My West Point Dad - Part II


The next time I caught up with my Dad after dinner when it was a good time to talk to him, I had studied some of what he told me.

“Dad, when we talked before, you explained about our wars and how we try to avoid new wars, but I was surprised by what you said about the Second Amendment concerning well armed citizens being an important part of our national defense. However, I found a good example of that in Switzerland. Every able bodied man has a military rifle at home, his own supply of ammunition and a back pack ready to be called out on a moment’s notice.”

“Switzerland has been invaded only twice in all of recorded history, once by Julius Caesar before the time of Christ and again by Napoleon in the early 1800’s. The Swiss are not neutral because they are afraid to fight. It is because others are discouraged from fighting them because they are so well prepared, and their citizens are universally armed.”

My Dad said, “Bobby, I see you have done some homework.

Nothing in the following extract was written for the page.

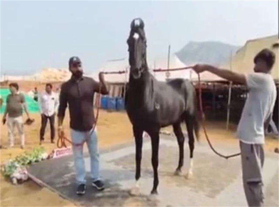 खरड़ 29 अक्टूबर 2025 : राजस्थान के अजमेर जिले का अंतरराष्ट्रीय पुष्कर पशु मेले में इस बार प्रीमियम घोड़े ने शान बढ़ा दी है। मारवाड़ी नस्ल के ऊंचे कदम और चमकदार काली त्वचा वाला काला घोड़ा बड़ा आकर्षण का केंद्र रहा।
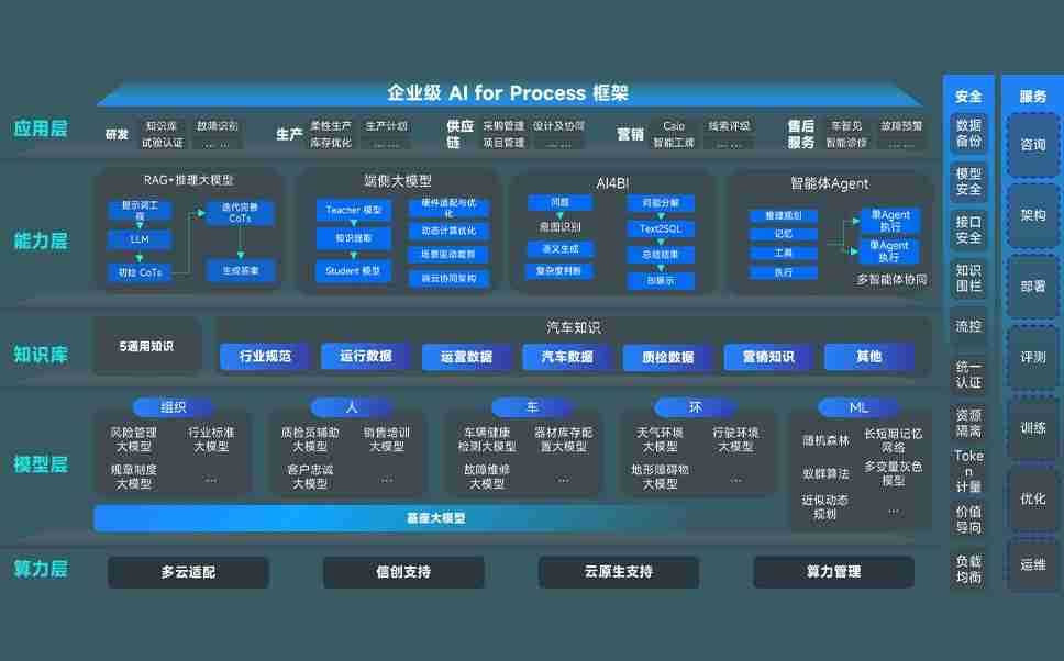 端到端的一站式AI工作空间深度融合了从企业战略规划到日常经营的全流程业务板块,,,定向解决车企内部领域多、、、部门多、、链条长、、、、场景碎片化等难题,,,支持车企快速构建以AI为核心的生产力写作体系,,实现任务执行与AI能力的无缝集成与交互

You keep asking questions and doing some homework, and you will learn a lot”. “Well, Dad, there is another question I would like to ask you. What do you think of the way wars are fought now with innocent civilians and others being randomly attacked by our enemies but not by us?”

Dad had a quick answer. “This type of conflict, if successful, is a warm up for more major engagements. It is important to stamp this out before it escalates further. This type of horrifying, wanton destruction is intended to undermine our self-confidence and undermine our will to fight. We cannot simply shrug it off and treat it as a law enforcement issue. This type of sneaky, treacherous, cowardly terrorism is the early stages of much more serious conflicts if it is left unchecked.”

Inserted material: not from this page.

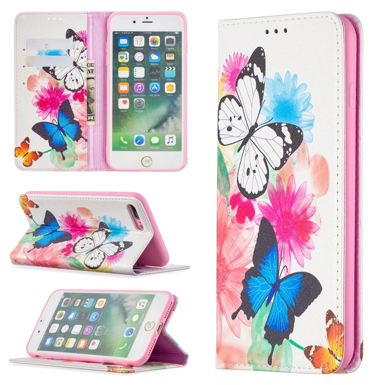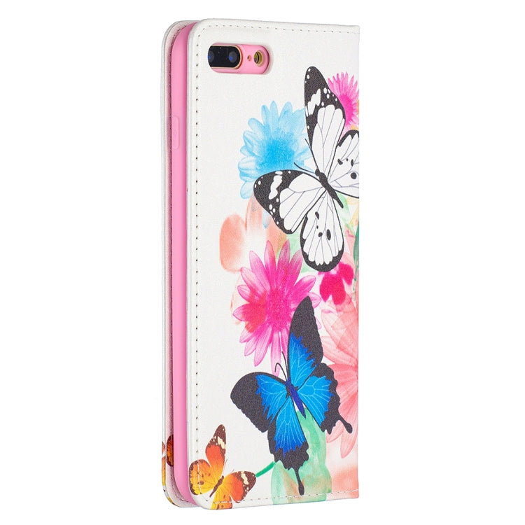 Estuche de Cuero de Pu para iPhone 8 Plus y 7 Plus con Tapa Horizontal Magnética, Soporte, Ranuras para Tarjetas y Billetera (Dos Mariposas)
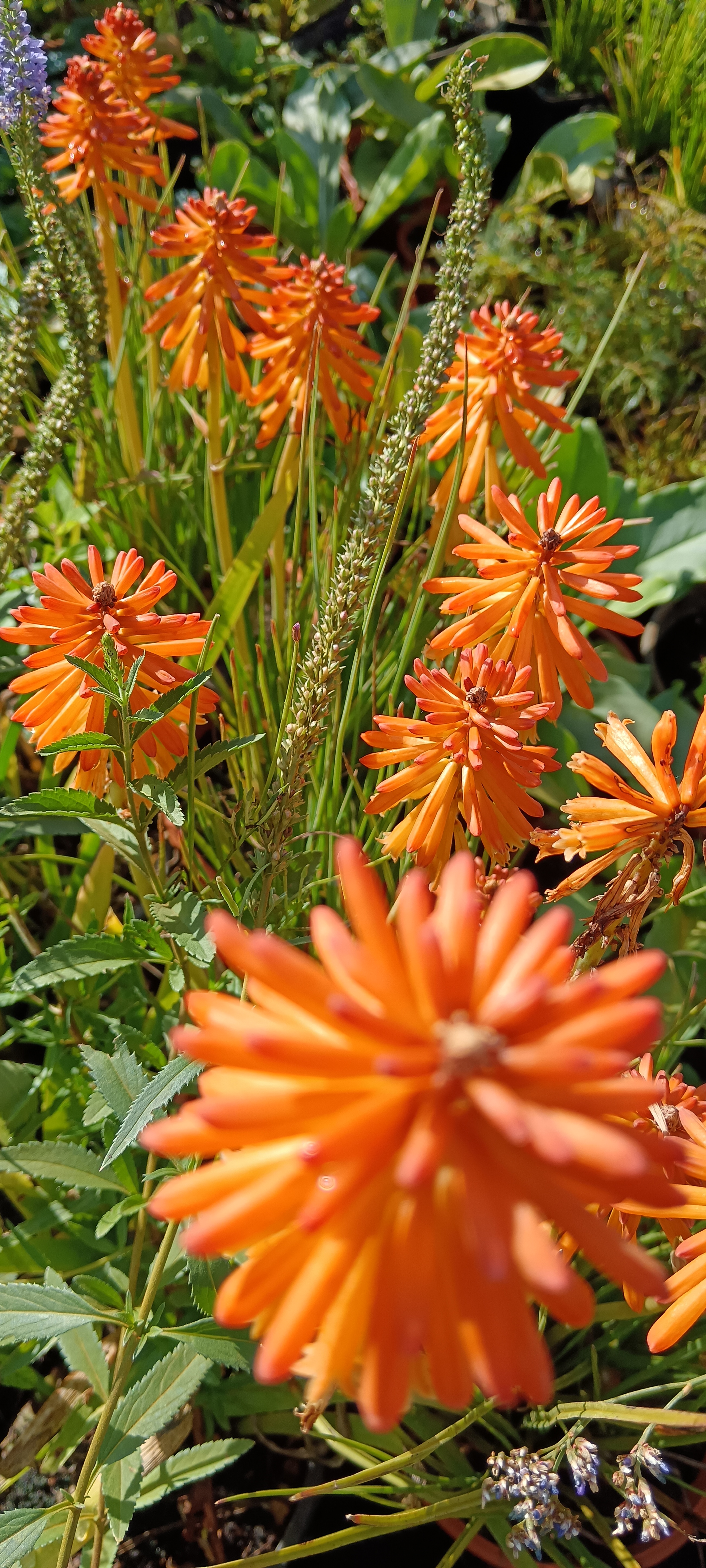 80-100 cm magas, tőlevélrózsás, hosszú levelű évelő. Fáklyához hasonló, 25-30 cm-es virágai tömött fürtben nyár elején nyílnak. Bimbói korallpirosak, kinyílt virágai sárgák. Napos helyet kíván. Szoliterként vagy csoportosan évelőágyba ültessük. Ültetés után érzékeny a pangó vízre.

“But, Dad, how do we successfully fight this type of enemy when we are restrained by international law and treaties, and they are not bound by any rules?” Dad scratched his head (he had very little hair) and commented, “This is a very difficult situation and a very hard question to answer completely. We do not want to stoop to the enemy’s level, but we must respond effectively. Proportional retaliation or reprisal is authorized by international law, and hit and run quick strike raids by our special forces could be more successful than getting bogged down with large forces inside enemy territory”.

“Dad, how do we tell friends from foes; and what about innocent civilians? We do not want to destroy an entire village because an attack came from there.”

“Bobby, there are things we can do without resorting to the vicious brutality of our enemies. We can lock down or quarantine an area to locate the weapons and explosives and those who are responsible. We could also consider evacuating the people and destroying some structures if the guilty individuals cannot be identified because they blended in with the local people who are harboring the terrorists.”

I could see that Dad would not accept defeat at the hands of treacherous and barbaric enemies. I decided to leave Dad alone for now to read his history books. I wanted to think about what he said. We need innovative thinking and actions to defeat an unconventional enemy who strikes viciously without any warning. Must we fight fire with fire, or is there a middle ground that is more humane but still victorious?